- Provided material:
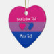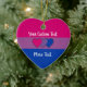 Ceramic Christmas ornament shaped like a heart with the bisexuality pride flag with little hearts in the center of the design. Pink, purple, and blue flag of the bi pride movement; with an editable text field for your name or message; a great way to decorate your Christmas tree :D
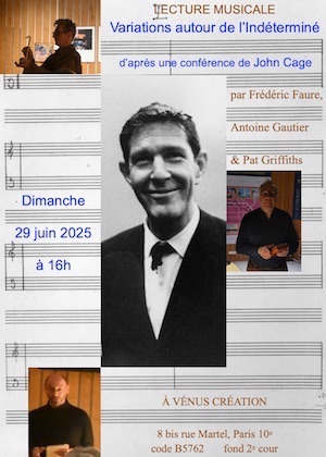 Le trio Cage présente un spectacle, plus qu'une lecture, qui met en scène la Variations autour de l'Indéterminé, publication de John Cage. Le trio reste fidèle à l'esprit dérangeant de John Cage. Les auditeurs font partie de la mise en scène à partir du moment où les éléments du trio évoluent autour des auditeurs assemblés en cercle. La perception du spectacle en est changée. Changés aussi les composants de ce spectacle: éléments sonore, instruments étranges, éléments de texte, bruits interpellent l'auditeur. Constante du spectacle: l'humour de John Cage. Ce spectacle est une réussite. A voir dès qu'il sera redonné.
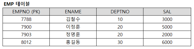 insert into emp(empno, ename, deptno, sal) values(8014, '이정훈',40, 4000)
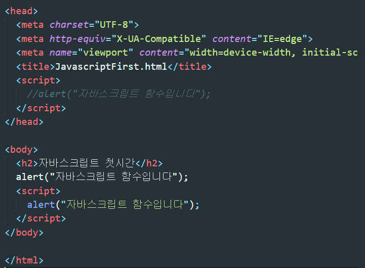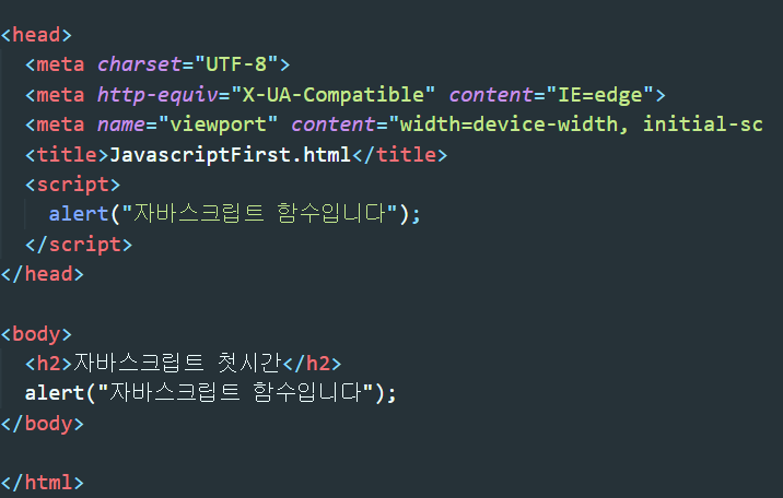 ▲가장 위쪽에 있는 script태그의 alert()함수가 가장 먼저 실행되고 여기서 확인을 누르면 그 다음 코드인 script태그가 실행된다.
==
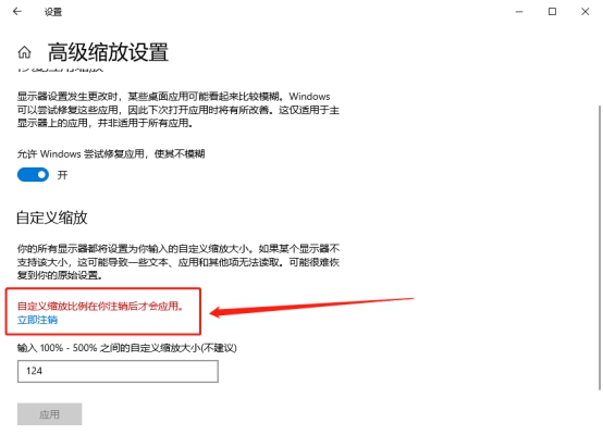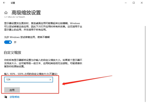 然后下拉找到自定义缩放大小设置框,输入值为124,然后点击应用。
---
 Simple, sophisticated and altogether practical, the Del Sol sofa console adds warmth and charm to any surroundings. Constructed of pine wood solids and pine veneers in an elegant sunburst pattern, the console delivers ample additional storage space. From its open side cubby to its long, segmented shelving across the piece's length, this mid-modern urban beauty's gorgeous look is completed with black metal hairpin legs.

- Task instructions: In the listing above, find the line with "insert into emp(empno, ename, deptno, sal)" and the line with "코드인 script태그가 실행된다.". Set down exactly those lines and everything between them, skipping pictures.

- Problem solution:
 insert into emp(empno, ename, deptno, sal) values(8014, '이정훈',40, 4000)
 ▲가장 위쪽에 있는 script태그의 alert()함수가 가장 먼저 실행되고 여기서 확인을 누르면 그 다음 코드인 script태그가 실행된다.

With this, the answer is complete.